Category: visualization

Just Landed in…

Just Landed: Processing, Twitter, MetaCarta & Hidden Data:

This got me thinking about the data that is hidden in various social network information streams – Facebook & Twitter updates in particular. People share a lot of information in their tweets – some of it shared intentionally, and some of it which could be uncovered with some rudimentary searching. I wondered if it would be possible to extract travel information from people’s public Twitter streams by searching for the term ‘Just landed in…’.


This is a cool emergent effect of people chaotically announcing themselves on Twitter, a MetaCarta service that allows you to get longitude/latitude and a bunch of other bits all coming together to make something really cool looking.

Via Information Aesthetics

My Wolfram Alpha Demo

I got the opportunity a couple days ago to get a demo of Wolfram Alpha from Stephen Wolfram himself. It’s an impressive thing, and I can sympathize a bit with them on the overblown publicity. Wolfram said that they didn’t expect the press reaction, which I both empathize with and cast a raised eyebrow at.

There’s no difference, as you know, between an arbitrarily advanced technology and a rigged demo. And of course anyone whose spent a lot of time trying to create something grand is going to give you the good demo. It’s hard to know what the difference is between a rigged demo and a good one.

The major problem right now with Alpha is the overblown publicity. The last time I remember such gaga effusiveness it was over the Segway before we knew it was a scooter.

Alpha has had to suffer through not only its creator’s overblown assessments, but reviews from neophiles whose minds are so open that their occipital lobes face forward.

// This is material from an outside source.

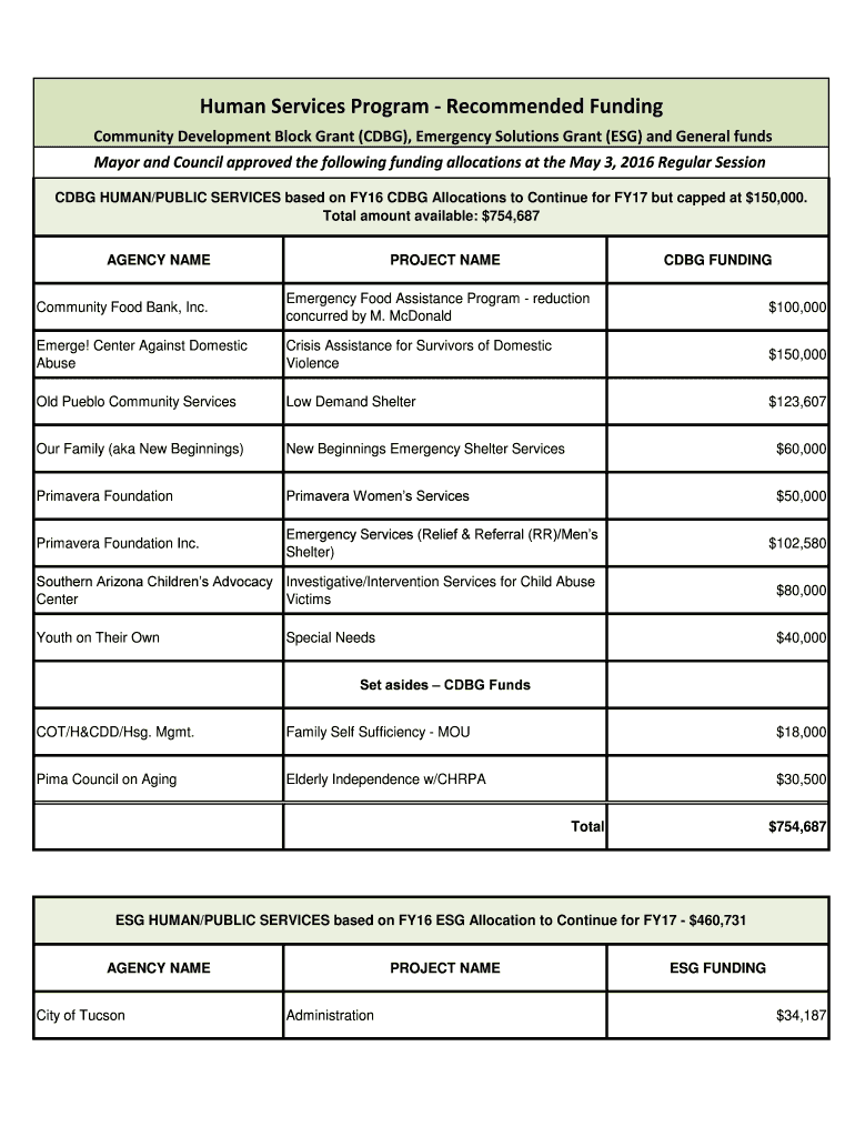 Get the free Human Services Program - Recommended Funding

My short assessment is that it is the anti-Wikipedia and makes a huge splat on the fine line between clever and stupid, extending equally far in both directions. What they’ve done is create something very much like the computerized idiot savant. As much as that might sound like criticism, it isn’t. Alpha is very, very, very cool. Jaw-droppingly cool. And it is also incredibly cringe-worthily dumb. Let me give some examples.

Stephen gave us a lot of things that it can compute and the way it can infer answers. You can type “gdp france / germany” and it will give you plots of that. A query like “who was the president of brazil in 1930” will get you the right answer and a smear of the surrounding Presidents of Brazil as well.

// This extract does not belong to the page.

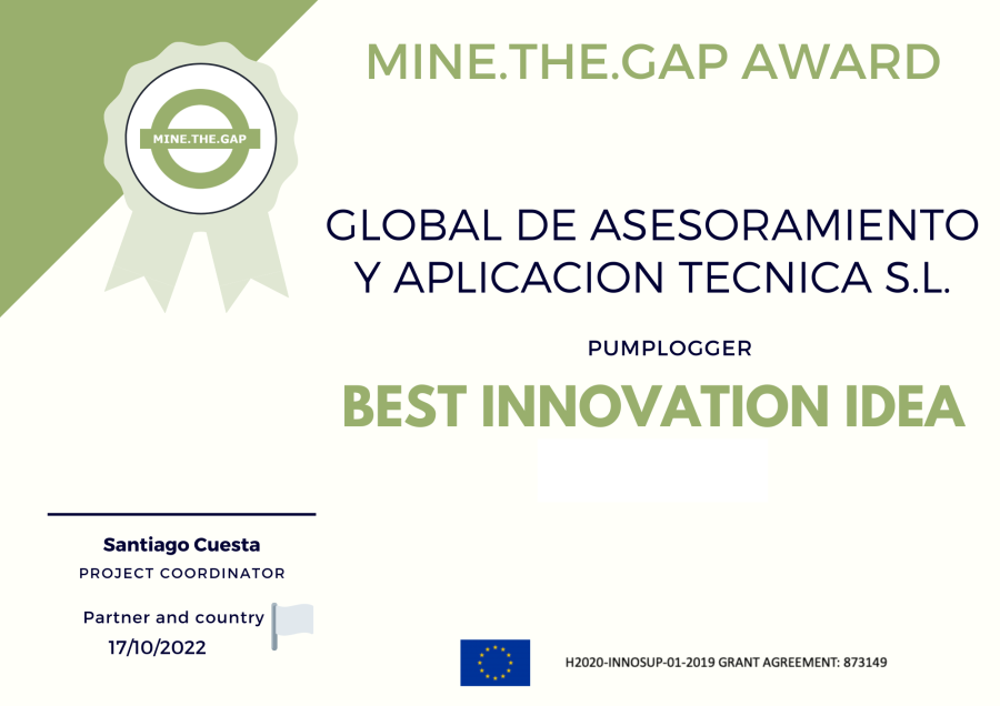 MINE.THE.GAP provides direct financial support to SMEs through innovation vouchers. These vouchers are dedicated to the preparation of strategic plans, validation of ideas and proof of concepts/demonstrations activities to innovate in the mining and raw materials value chain. ATEGLOB has been recognized as the company with the most innovative idea in 2022.

It also has lovely deductions it makes. It geolocates your IP address and so if you ask it something involving “cups” it will infer from your location whether that should be American cups or English cups and give you a quick little link to change the preference on that. Very, very, clever.

It will also use your location to make other nice deductions. Stephen asked it a question about the population of Springfield, and since he is in Massachusetts, it inferred that Springfield, and there’s a little pop-up with a long list of other Springfields, as well. It’s very, very clever.

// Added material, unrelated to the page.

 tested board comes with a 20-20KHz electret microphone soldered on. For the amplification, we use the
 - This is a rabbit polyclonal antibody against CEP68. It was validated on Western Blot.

That list, however, got me the first glimpse of the stupid. I scanned the list of Springfields and realized something. Nowhere in that list appeared the Springfield of The Simpsons. Yeah, it’s fictional, and yeah that’s in many ways a relief, but dammit, it’s supposed to be a computational engine that can compute any fact that can be computed. While that Springfield is fictional, its population is a fact.

The group of us getting the demo got tired of Stephen’s enthusiastic typing in this query and that query. Many of them are very cool but boring. Comparing stock prices, market caps, changes in portfolio whatevers is something that a zillion financial web sites can do. We wanted more. We wanted our queries.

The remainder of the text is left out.